Nicholls et al. (2013) find no evidence of PAHs in their analysis of the mid-IR SED of V1309 Sco. Therefore, we only examine models with the lowest fractional abundance of PAHs modelled (=10−8). However, we find it has no real effect on the statistics presented in Appendix F. Using the conditions described above, we find that 139 out of 14364 models are in agreement. We present statistics of the consistent models in Appendix F.

We find some initial constraints on the shocks related to the H2 emission (Fig. F.1), although the external UV radiation and H2 cosmic-ray ionisation rate cannot be constrained. The models indicate a pre-shock density lower limit of 107 cm−3. This is a lower limit as larger densities are not covered by the models, but may still be the true pre-shock density. The scaled value of the magnetic field covers 0.1 to 1.0 (while the grid spans to values as high as 10). For the shock velocity, we see two separate subsets of models at lower and higher shock velocities (Fig. F.1, third panel). Models with low (4vs < 10 km s−1) shock velocities are typically found at lower magnetic fields, whereas higher shock velocities (20–30 km s−1) are found across a wide range of magnetic field strengths (Fig. F.2). Finally, almost all models fulfilling our observational constraints exhibit J-type shocks.

4.2.3 The properties of the shocks

We have proposed that both NIR H2 and sub-millimetre HCO+ emission probes shock-excited regions in V1309 Sco, but – as shown in Fig. 7 – these shock tracers have very different kinematics with H2 observed at extreme blueshifted flow and HCO+ in the extreme redshifted flow. Figure 7 shows an almost equal magnitude in the velocity shift of the shock tracers (~80 km s−1) relative to the average velocity of the atomic emission. This symmetric location can be explained if the emission arises in two opposite flows, as schematically illustrated in Fig. 8. Since the fastest ejected gas is expected farthest from the central object, we place the shock regions at the apexes of the bipolar flows, which are seen in cool molecular gas observed with ALMA. However, it is unclear why the blueshifted lobe produces only ro-vibrational H2 emission, whereas we only see redshifted HCO+ emission. This suggests that the shocks propagating in opposite directions interact with the ambient circumstellar gas in very different ways. This could depend on either the properties of the ambient gas into which the shocks are propagating, or even the shocks themselves. It could also be that the NIR H2 emission excited by shocks via the redshifted lobe is compact and could be obscured by circumstellar dust. However, this does not explain why we do not see blueshifted HCO+ emission. The sub-millimetre emission is not affected by dust extinction.

The results presented in Appendix F show that the shocks that excite H2 could be classified as J-type shocks. The results also suggest that the shock velocities lie in one of two regions, in the range of 2–10 km s−1 or are faster than 15 km s−1. High-velocity J-type shocks with shock velocities greater than 20 km s−1 would be expected to dissociate H2 (Flower et al. 2003, and references therein), but this may not be the case for lower velocity shocks. If the shocks associated with HCO+ do have higher shock velocities, the absence of ro-vibrational H2 in the HCO+ excitation region may be due to H2 being efficiently dissociated.
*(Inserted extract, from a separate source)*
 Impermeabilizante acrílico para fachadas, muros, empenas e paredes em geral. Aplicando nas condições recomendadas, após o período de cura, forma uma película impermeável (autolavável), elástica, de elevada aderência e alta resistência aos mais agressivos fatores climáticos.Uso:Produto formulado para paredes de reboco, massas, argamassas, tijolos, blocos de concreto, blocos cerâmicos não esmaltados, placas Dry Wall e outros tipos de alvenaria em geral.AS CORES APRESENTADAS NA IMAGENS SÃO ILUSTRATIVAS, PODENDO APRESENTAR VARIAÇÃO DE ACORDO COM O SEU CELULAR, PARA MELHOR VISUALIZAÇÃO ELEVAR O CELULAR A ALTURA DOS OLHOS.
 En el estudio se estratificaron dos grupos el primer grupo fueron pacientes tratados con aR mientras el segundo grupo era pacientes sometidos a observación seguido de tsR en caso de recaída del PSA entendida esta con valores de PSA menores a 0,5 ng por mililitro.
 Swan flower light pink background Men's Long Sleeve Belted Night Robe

On the other hand, if the shocks propagating via the blueshifted lobe had lower shock velocities, it is possible that the shocks have sufficient energy to excite H2, but not enough to dissociate stable molecules such as CO that would go on to form HCO+.

An alternative explanation would be that there is an increased column density of CO surrounding the redshifted lobe that could lead to increased HCO+ formation. Indeed, as mentioned, the CO 3–2 line profile does show excess emission in the red wing.

thumbnail Fig. 8

Schematic of the bipolar structure hypothesised in V1309 Sco. The velocities for the blueshiſted and redshiſted lobes are measured from the 2019 ALMA data.
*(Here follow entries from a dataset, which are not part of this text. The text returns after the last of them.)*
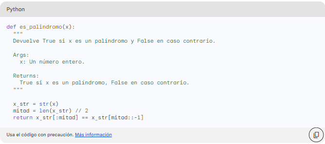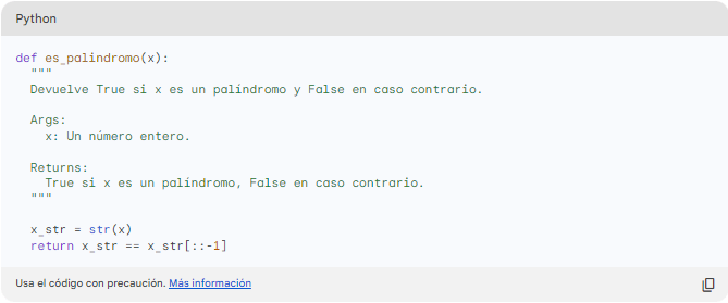 - Bard: Se ha mostrado más educativo en su solución, ha generado un código autodocumentado, que explica qué hace la función, sus argumentos de entrada y la salida, además de bastante limpio en su segunda propuesta (más eficiente que la primera). En general, una respuesta muy completa que probablemente gustará mucho a quienes se están iniciando en el desarrollo de software, pero también a experimentados que verán en la solución un código ordenado y documentado correctamente.
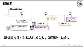20. 20. 巡航期 配信国も徐々に拡大に成功し、国際線へと進化 ・リリースラッシュ 2017 2018 2019 2DアクションRPG(日本) アナザーエデン (日本) ダンメモ (日本) アナザーエデン (北米、アジア)2DアクションRPG (北米、アジア、EU) ダンメモ (北米) ダンメモ (アジア) 2Dアク ション RPG ©️ 大森藤ノ・SBクリエイティブ/ダンまち2製作委員会 ©️ WFS
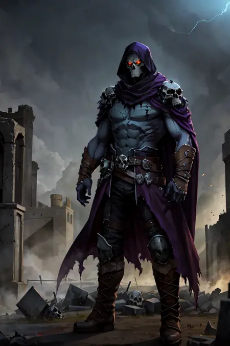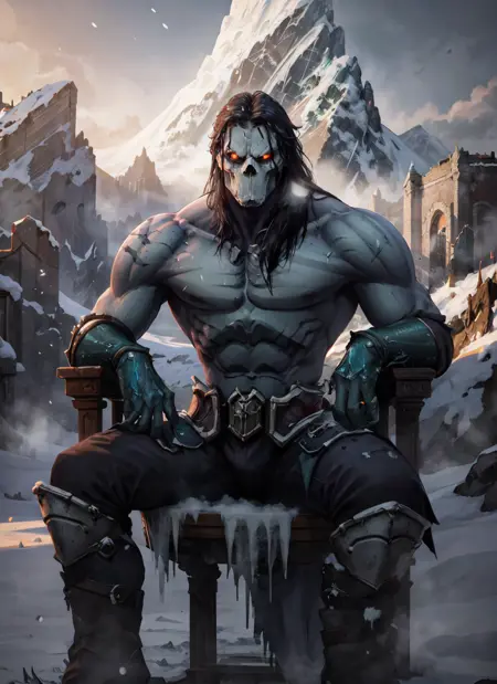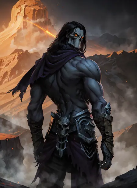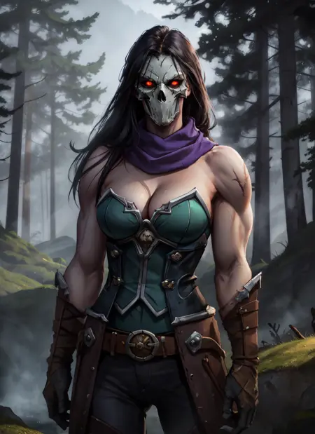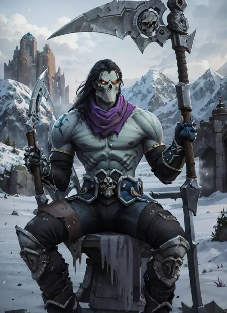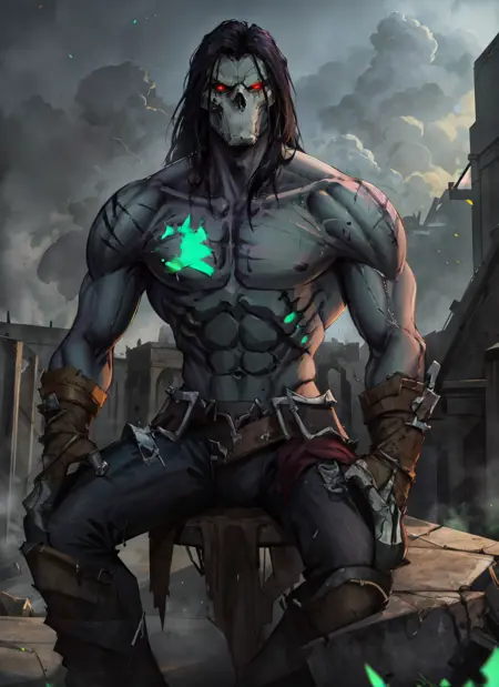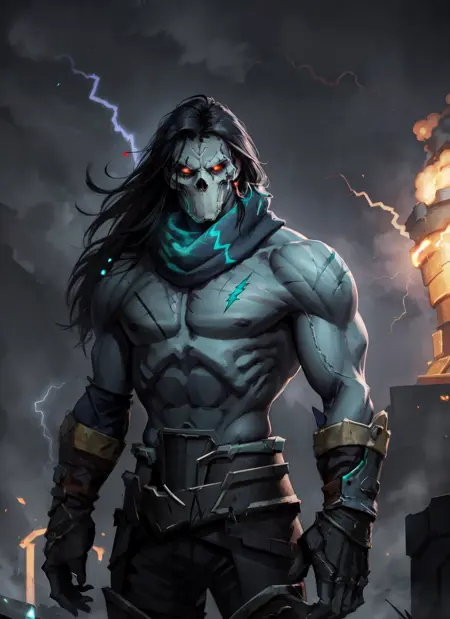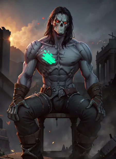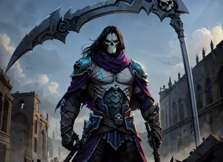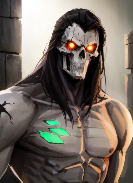 또한 아래 항목을 추가하면 더 좋을 수 있습니다: 빛나는 눈, 근육질, 윗몸 노출, 스카프, 망토, 갈색 뼈, 쥐고 있는 낫

4.3 Effects of dust obscuration

In the X-shooter spectra, we detect a plethora of neutral and singly ionised emission, as well as forbidden line emission (see Sect. 3.4). It has been shown that the line profiles of atomic emission in core-collapse supernovae is affected by dust (Lucy et al. 1989; Pozzo et al. 2004; Bevan et al. 2017), with a bluewards shift in the peak velocity and asymmetries between the red and blue wings. Shore et al. (2018) applied a similar method to the ejecta of classical novae, which have simpler geometries and lower ejecta velocities and masses. Similar effects are seen, as well as that in cases where the inclination is low so that the line of sight barely passes through the ejected material, asymmetries will still be seen. To examine the effect of dust on the neutral and ionised atomic emission, we looked at the profiles of neutral and singly ionised Fe and Ca. The profiles are shown in Fig. 9. The average profiles of [Ca II] and [Fe II] in 2016 show a slight asymmetry skewed towards shorter wavelengths, with the peak velocity also blueshifted. This would indicate that ionised gas is more obscured by dust and so is likely to be found at smaller radial distances from the central star, assuming the winds or outflows are biconical and sufficiently inclined to the observer that both cones are visible. Such a geometry is consistent with the ALMA velocity maps shown in Fig. 2, which in 2019 are similar to that seen for V4332 Sgr (Kamiński et al. 2018). In K18, it is noted that the inclination angle may be even lower than that found for V4332 Sgr (13°). If this is the case, the assumed geometry in the simulations of Shore et al. (2018) can be applied to V1309 Sco.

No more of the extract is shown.